### [WHAT YOU HAVE TO DO]
With the pictures left out, restate exactly the part below that opens with the line containing "Bus travolge un'auto, traffico" and closes with the line containing "互动内容:观众互动前,影像中".
------------------------------------------------------------------------
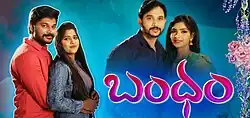 Bandham is an Indian Telugu language soap opera directed by Polani Nagendra kumar premiered on 16 July 2018 and ended on 21 August 2021 aired on Gemini TV every Monday to Saturday. The serial stars Bharadwaj, Sindhura, Anika Rao in season 1 and Niharika, Aishwarya Raj, Abhishek Yannam, Devaraj Reddy in season 2 as main protagonists.[1][2]
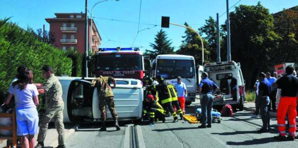 Bus travolge un'auto, traffico in tilt. Il Suv finisce su un fianco, soccorsi sotto gli occhi di una folla di curiosi
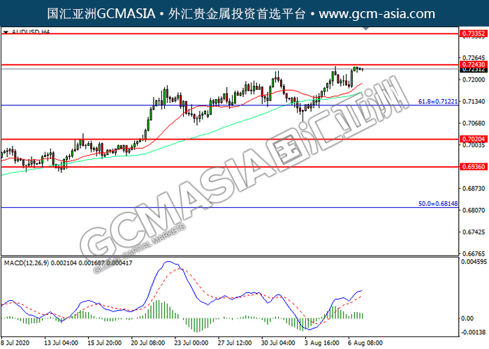 AUDUSD,H4:澳美震荡上行,目前测试前期压力。然而,MACD多头动能略减,短期可关注技术性回调。上方关注0.7245压力和0.7335压力,下方关注0.7120支撑和0.7020支撑。
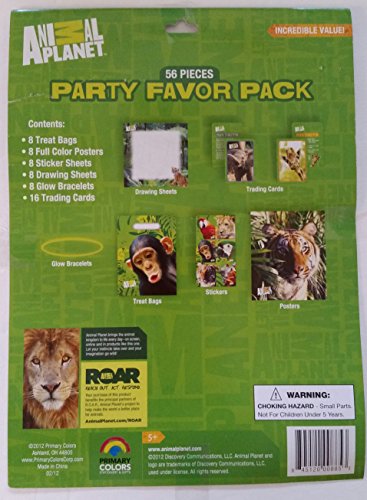 -. Feature : Roar Animal Planet Kids Children Birthday Party Pack bundle ,Service for (8) people / 16 paper cake plates, 16 paper cups, 32 napkins, and 2 Centerpieces , and 56 pieces party favor pack / Favor pack includes: 8 treat bags, 8 posters , 8 sticker sheets , 8 drawing sheets / 8 Glow bracelets , 16 trading cards / For ages 5 and above
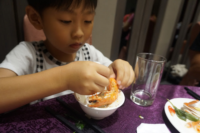 好吃到等不及屎蛋媽撥蝦,就自動自發的撥起殼來,好孩子!
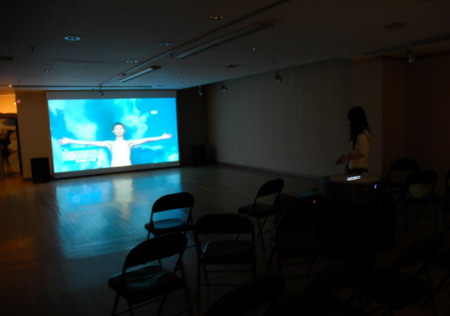 互动内容:观众互动前,影像中的每个人在相对黑暗的空间里,状态比较放松,当观众用手电筒照向画面时,被照到的人,会做出不同的肢体反应。
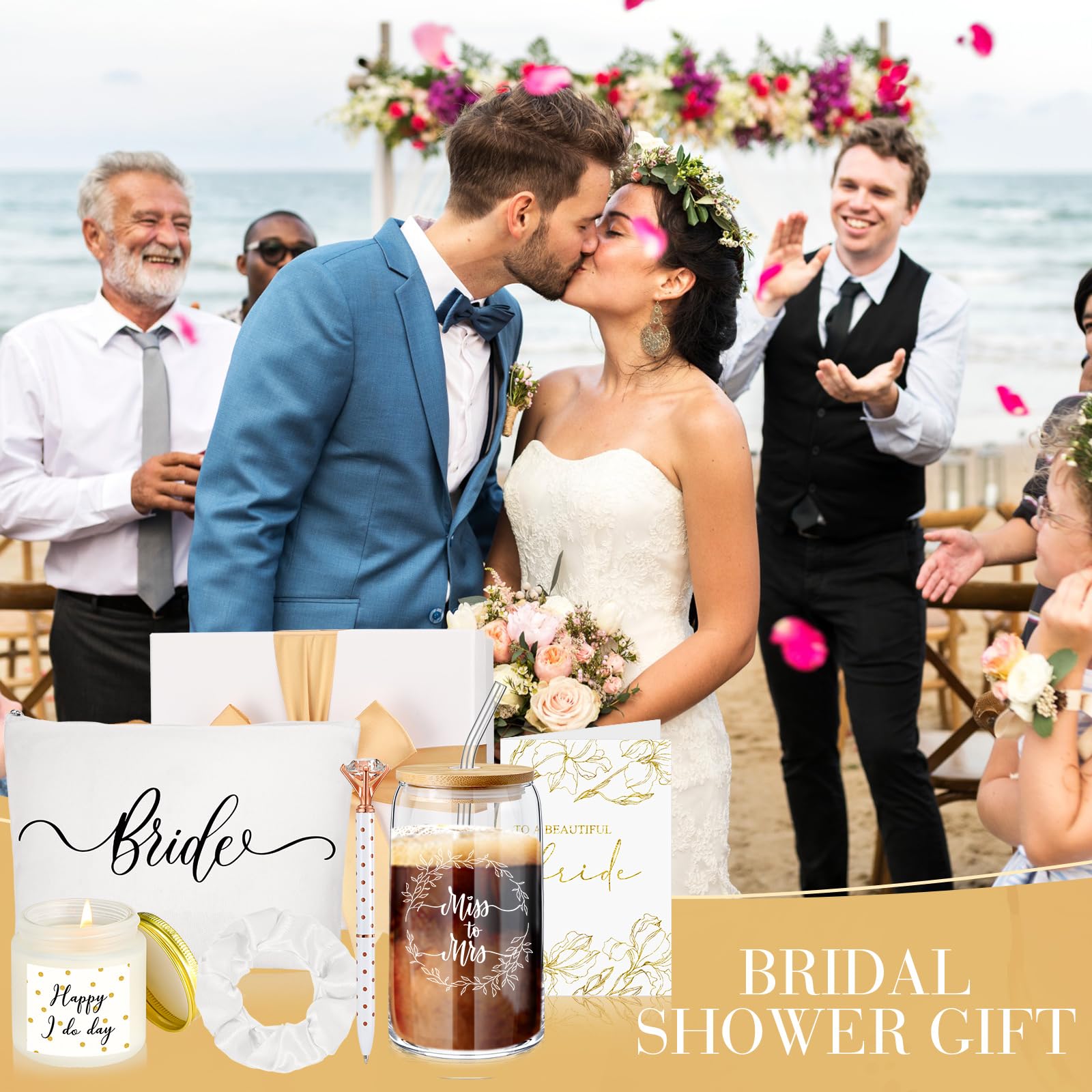 - Wedding Gifts for Bride: the package includes 1 pc of can shaped drinking glass with straw, 1 pc of bride makeup bag, 1 pc of crystal pen, 1 pc of scented candle, 1 pc of scrunchies, 1 pc of wedding card and 1 pc of gift box with raffia, the content is rich and varied, suitable for future bride, newly engaged best friend, bestie, best friend, sister, daughter, co worker or other brides
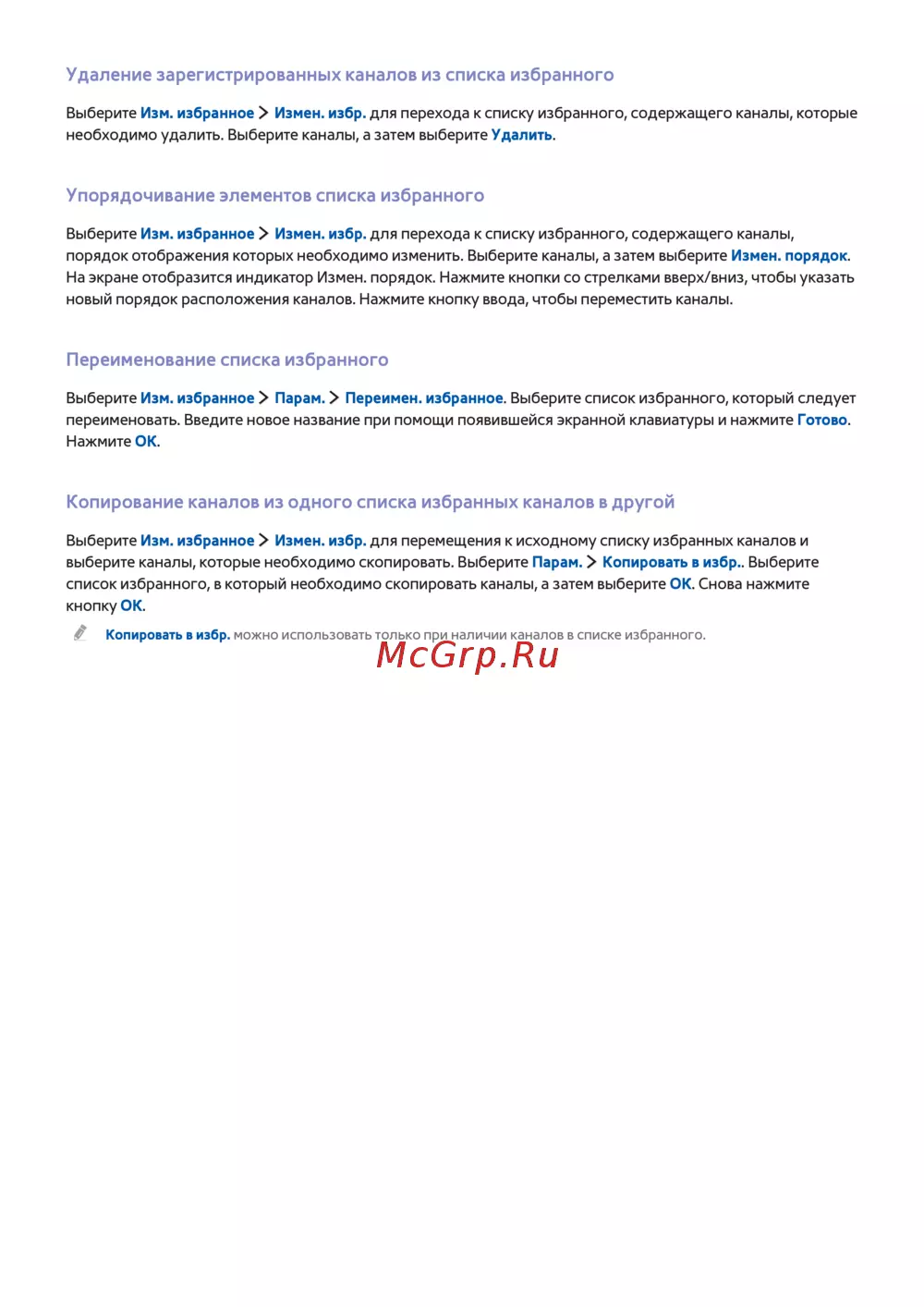 Копировать в избр. можно использовать только при наличии каналов в списке избранного.
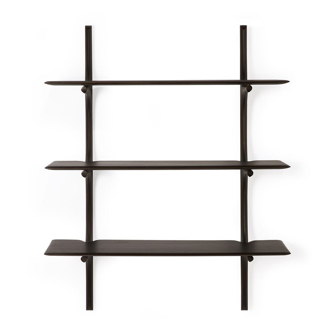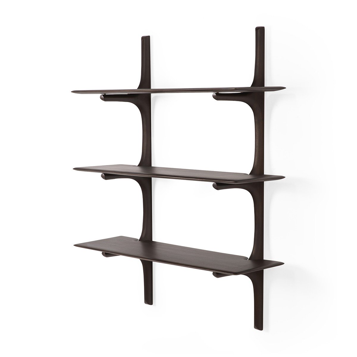 Pi Wall Shelf 3 Shelves - Dark Brown Varnished Mahogany
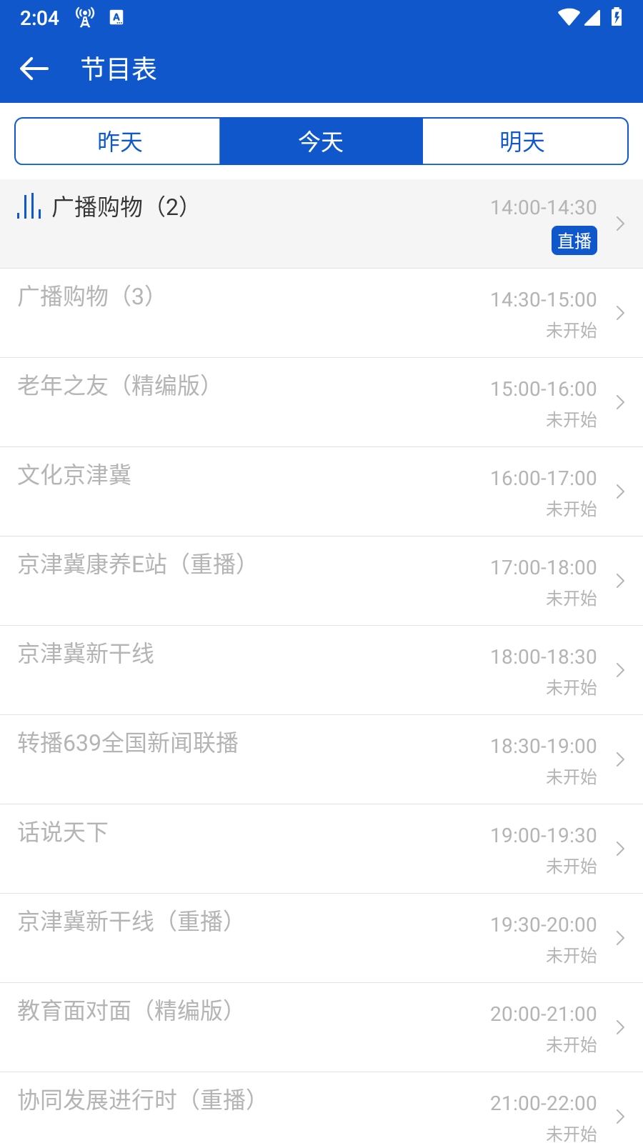 3. 在节目表界面,能够查看昨日、今日以及明日的节目单,轻点播放按钮就能开启收听。
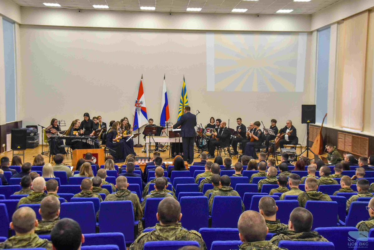02.11.2025 г. В рамках празднования Дня народного единства творческая группа Центрального офицерского клуба Воздушно-космических сил представила в клубе воинской части подмосковной Балашихи праздничную программу «Мы-народ большой страны!». Зрителями концерта стали ветераны военной службы, военнослужащие ВКС и члены их семей. В концертной программе приняли участие артисты Академического оркестра русских народных инструментов Радио и Телевидения Автономной Некоммерческой Организации “Центр поддержки и развития академического народного творчества” (художественное руководство: заслуженный артист России Гариф Ахметов, Дирижёр – Антон Седов) солисты Вера Жемчужная и Сергей Лашманов. В завершении концерта артистов поблагодарили от имени командования воинской части за прекрасный концерт и вручили им цветы и благодарственные письма. Стоит отметить, что эта концертная программа стала одним из многочисленных мероприятий, организованных Центральным офицерским клубом ВКС при поддержке Главного кома
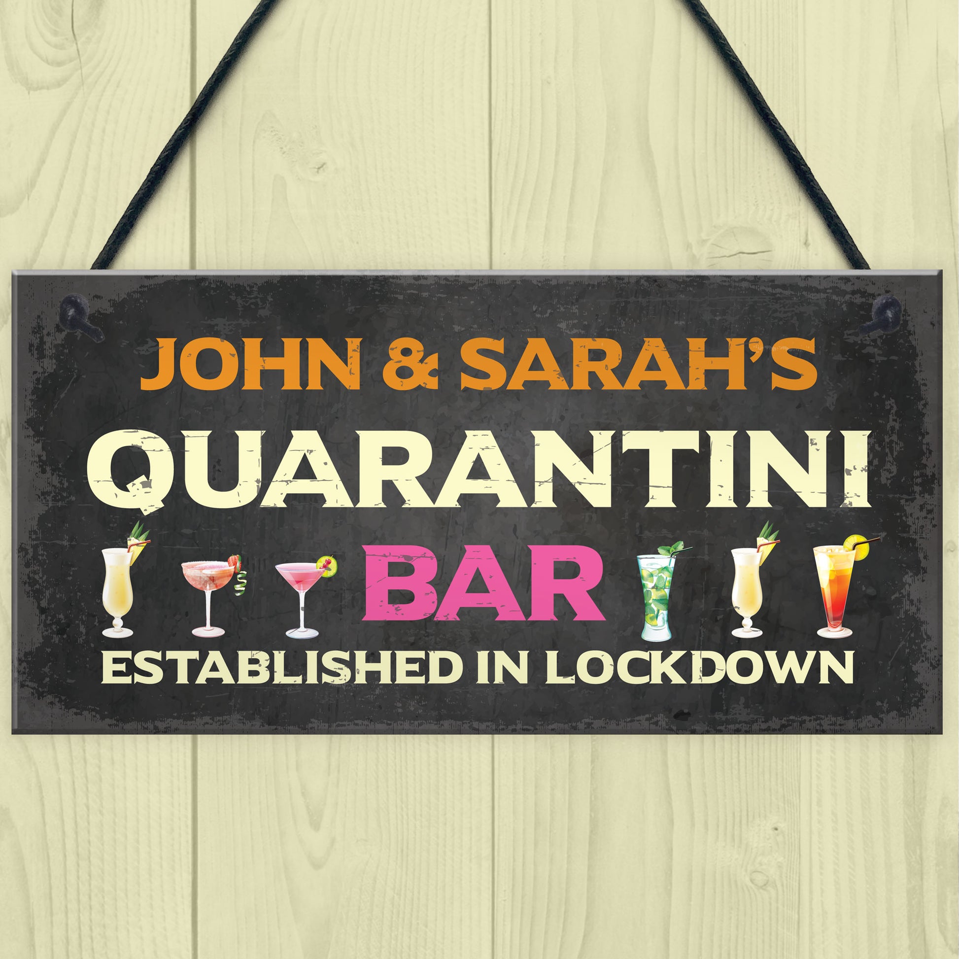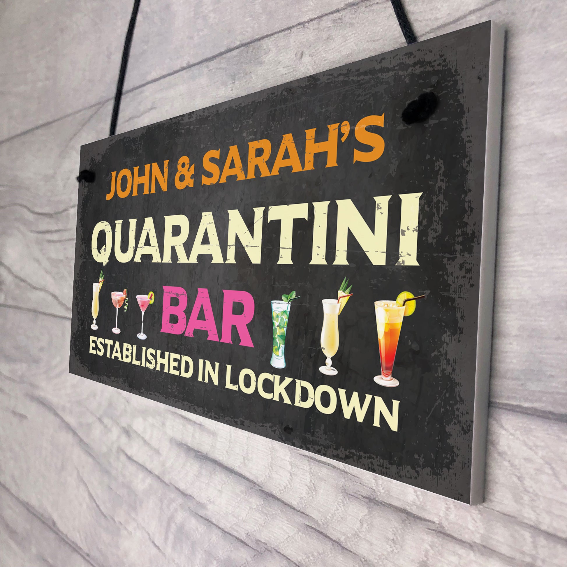 Personalised Quaratine Funny Home Bar Sign Cocktail Martini Gift
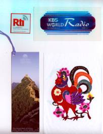 さて、皆さんが作った短波ラジオは、うまく動いただろうか。もしうまく海外の放送が受信できたなら、放送局に「受信報告書」を送ってみよう。「受信報告」というのは、要するに「そちらの放送を聴きましたよ」というお知らせのことで、もしその中身が放送されたものと同じだと放送局が認めると、「ベリカード」(受信証明書)というものを送ってくれることが多い。ベリカードは「たしかに、うちの放送局の電波を受信したことを証明します」という放送局からの証明書なので、もし自由研究なんかでラジオを作ったときに、これをもらっておけば、自作ラジオを使って、その局の電波をたしかに受信できたという証明になるというわけだ。カードは普通、郵便で外国から送られてくることが多く、最新の番組表と専用受信報告書用紙を同封してくれる局もある。サービスが良い放送局だと、カードだけではなく、シールだの切り絵だのといった宣伝用アイテムや、場合によっては雑誌や語学番組の教科書まで送ってくれることもある(図11)。
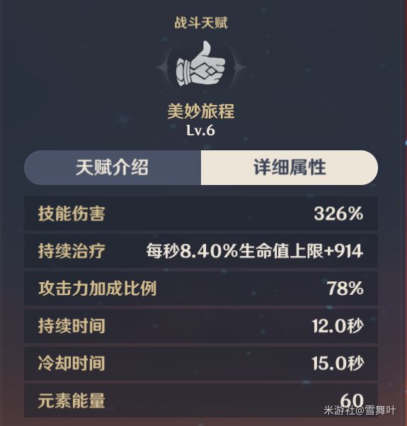 优点:回血能力强,持续时间长,冷却短,增加攻击力高,元素能量要求仅60。
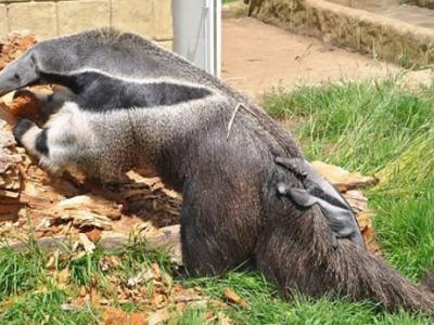 英国食蚁兽宝宝出生后一直悬在母亲尾巴
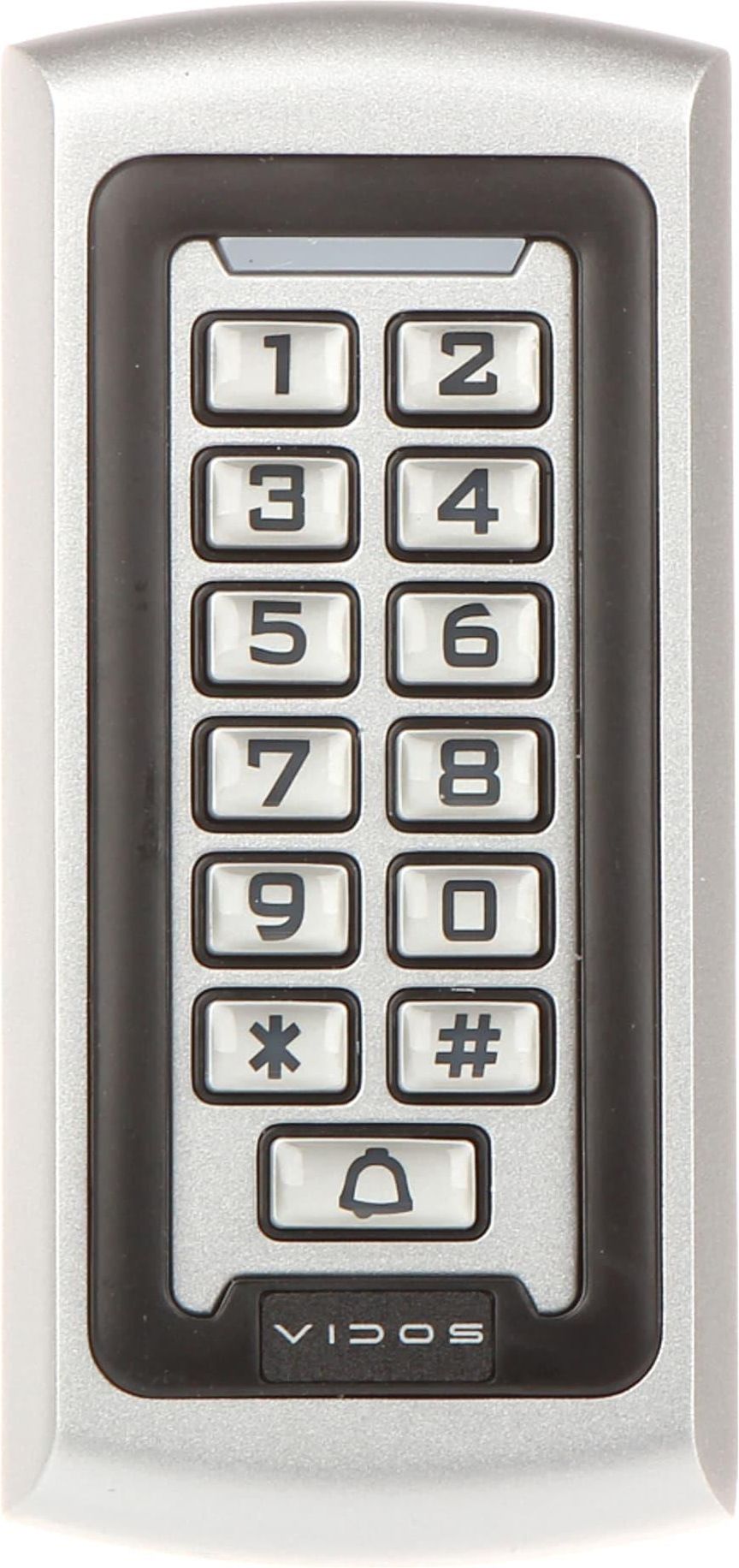 Zamek szyfrowy ZS42 1 VIDOS zasilanie 12V zakres odczytu kart 5 cm IP65 Zewnętrzny, autonomiczny zamek szyfrowy z czytnikiem RFID pracuje w trybie samodzielnym. Otwarcie następuje za pomocą karty RFID lub PINU, a urządzenie potrafi zapamiętać zestaw kart oraz PIN‑ów. Dodatkowo występuje sygnalizacja dźwiękowa i optyczna informująca o stanie systemu. Opcje administratora obejmują programowanie za pomocą klawiatury, dodawanie nowych kart z wprowadzeniem PINU, dodanie nowej karty i PINU, zmianę PINU użytkownika, skasowanie PINU użytkownika, ustawienie czasu zwolnienia blokady oraz przywrócenie ustawień domyślnych. Specyfikacja Obsługa kart: Unique EM 125kHz Zasięg odczytu kart: ~ 5 cm Komunikacja: Wiegand 26 Zasilanie: 12 V DC Maksymalny pobór prądu: 25 mA (tryb czuwania)60 mA (praca) Obciążalność styków przekaźnika: 1 A / 12 V Wybrane cechy: Liczba wyjść przekaźnikowych : 1, 2000 zaindeksowanych użytkowników, Identyfikacja: Karta i/lub PIN Niebieskie podświetlenie przycisków Obsługa elektrozaczepów i zwór elektromagnetycznych Obsługa rygli rewersyjnych Możliwość przyłączenia dzwonka elektromagnetycznego Ochrona antysabotażowa (detekcja oderwania od podłoża oraz otwarcia obudowy) Wyjście alarmowe Wyjście NO/NC Temperatura pracy: -20 °C ... 50 °C Klasa szczelności: IP65 Obudowa: Metalowa, Wandaloodporna Kolor: Srebrny Waga: 0.32 kg Wymiary: 123 x 58 x 23 mm Producent / Marka: VIDOS
------------------------------------------------------------------------
### [WRITTEN ANSWER]
 Bus travolge un'auto, traffico in tilt. Il Suv finisce su un fianco, soccorsi sotto gli occhi di una folla di curiosi
 AUDUSD,H4:澳美震荡上行,目前测试前期压力。然而,MACD多头动能略减,短期可关注技术性回调。上方关注0.7245压力和0.7335压力,下方关注0.7120支撑和0.7020支撑。
 -. Feature : Roar Animal Planet Kids Children Birthday Party Pack bundle ,Service for (8) people / 16 paper cake plates, 16 paper cups, 32 napkins, and 2 Centerpieces , and 56 pieces party favor pack / Favor pack includes: 8 treat bags, 8 posters , 8 sticker sheets , 8 drawing sheets / 8 Glow bracelets , 16 trading cards / For ages 5 and above
 好吃到等不及屎蛋媽撥蝦,就自動自發的撥起殼來,好孩子!
 互动内容:观众互动前,影像中的每个人在相对黑暗的空间里,状态比较放松,当观众用手电筒照向画面时,被照到的人,会做出不同的肢体反应。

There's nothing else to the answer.